I'll take Orton in N.O. I'd also like to derail HKF's avatar and take Udoh too.


----------



## rebelsun (Nov 25, 2003)

HKF said:


> Playing it safe with a role player like Patterson at 5 is exactly what you'd be doing. It would be a bad pick the second it was made.


Well, if role player is defined as a non-star, or at least a player having less than star potential, then there's an argument that essentially everyone after #4 is a role player. I think the only ones that may have that kind of upside are Warren and Whiteside, but each has concerns. 

If I was Petrie, I would welcome offers for the pick, but the point of this mock would be to take the guy I would take for each team if they had to keep the pick. I'm not sure I wouldn't have hesitation about paying any of the guys outside of the top-4 those 3rd and 4th year salaries for #5. Patterson, and those three other bigs, are the ones I'd have the least concern about being worth that money. I just like Pat the best for that roster.


----------



## HKF (Dec 10, 2002)

I would easily take Jordan Crawford before a guy like Patterson and Crawford is not going anywhere near the top 5. I am not understanding where this Patterson love is coming from, but this dude is a top 15 pick at best. At #5, yes that would be Shelden Williams redux. The guy has zero upside.


----------



## HB (May 1, 2004)

Patterson's a lottery player, but 5 is just too high for him. I'd definitely take Pat over Johnson though. Funny how there's all this outrage over Patterson going that high, but Johnson consistently being mentioned as a top 7 pick raises no concerns. I dont see how Udoh works on the Clippers. Griffin is going to get a lot of minutes at the forward spot. So will Jordan and Kaman at the C position.

Speaking of bad lottery picks...Willie Warren at 10 is just terrible. Bradley's too high also.

P.s. the Nets really like Williams at the 2/3 spot...I doubt they pick Stanley Robinson.


----------



## SheriffKilla (Jan 1, 2004)

I think the Kings have their sights set on Monroe but we will see. I would expect the Wolves to take Wes Johnson because of Love/Jefferson but they might just go for Cousins anyway. Especially if there is any truth to the Randolph for Love rumors.


----------



## billfindlay10 (Jan 24, 2003)

If Aminu fals to the Raptors at 13 I would be pretty happy, his great length on the wing would help out. As mentioned Weems and DeRozan are more of 2's than they are 3's


----------



## BlakeJesus (Feb 1, 2006)

HB said:


> Speaking of bad lottery picks...Willie Warren at 10 is just terrible.

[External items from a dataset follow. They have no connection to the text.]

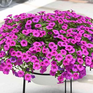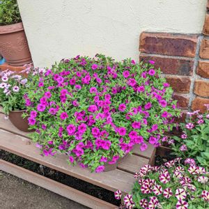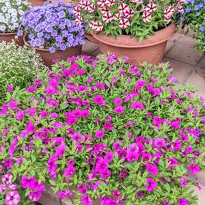 ①ぐんぐん大きくなるカリブラコア やっちゃんねるさんに影響されお迎え🌱 ほんとに横にぐんぐん広がります‼︎ ②あふれ咲きペチュニア ブルーベリージャム 名前の通りこんもりあふれ咲いてくれます😊✨ ③ミリオンベルバターポップコーン 色がポップコーンのよう💖弾ける感じが可愛い❣️🍿 ④ミリオンベルプチホイップストロベリー 成長がゆっくりめでしたが、こんもり 大きくなってきました🥰 撮影後、梅雨前に切り戻しました✂️💕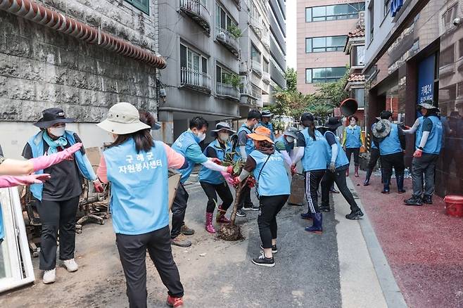 [구례=뉴시스] 김석훈 기자 = 김순호 구례군수와 군청 직원들이 서울 동작구 수해 지역을 찾아 피해 복구를 지원했다.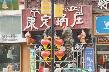 春節(jié)的腳步越來越近,最近幾天,康定市主要街道、河畔、公園、廣場(chǎng)處處懸掛起燈籠、燈帶等裝飾品,充滿濃濃的節(jié)日氣息。

Willie Warren was a surefire top 10 pick before this past season, and nobody really knows what scouts actually think of him. His stock could be anywhere. Besides, is there really a difference from an overall talent perspective between the players available at 10 compared to 20? At the very least, you have to see how great of a fit he would be on the Pacers.


----------



## HB (May 1, 2004)

Well if you look at Rebelsun's draft and the guys that are still on the board after Warren, you have to wonder why the Pacers would waste a lottery pick on a guy whose upside is so limited.

Orton, Aminu, Aldrich, Babbit, Henry, Anderson, Bledsoe. If they are so desperate about getting a point guard, go with Bledsoe. They want a scoring wing, take Henry or Anderson. Troy Murphy's most likely gone this season, so you want a big, there's Orton and Aldrich available. So many options besides picking Warren.


----------



## BlakeJesus (Feb 1, 2006)

HB said:


> Well if you look at Rebelsun's draft and the guys that are still on the board after Warren, you have to wonder why the Pacers would waste a lottery pick on a guy whose upside is so limited.
> 
> Orton, Aminu, Aldrich, Babbit, Henry, Anderson, Bledsoe. If they are so desperate about getting a point guard, go with Bledsoe. They want a scoring wing, take Henry or Anderson. Troy Murphy's most likely gone this season, so you want a big, there's Orton and Aldrich available. So many options besides picking Warren.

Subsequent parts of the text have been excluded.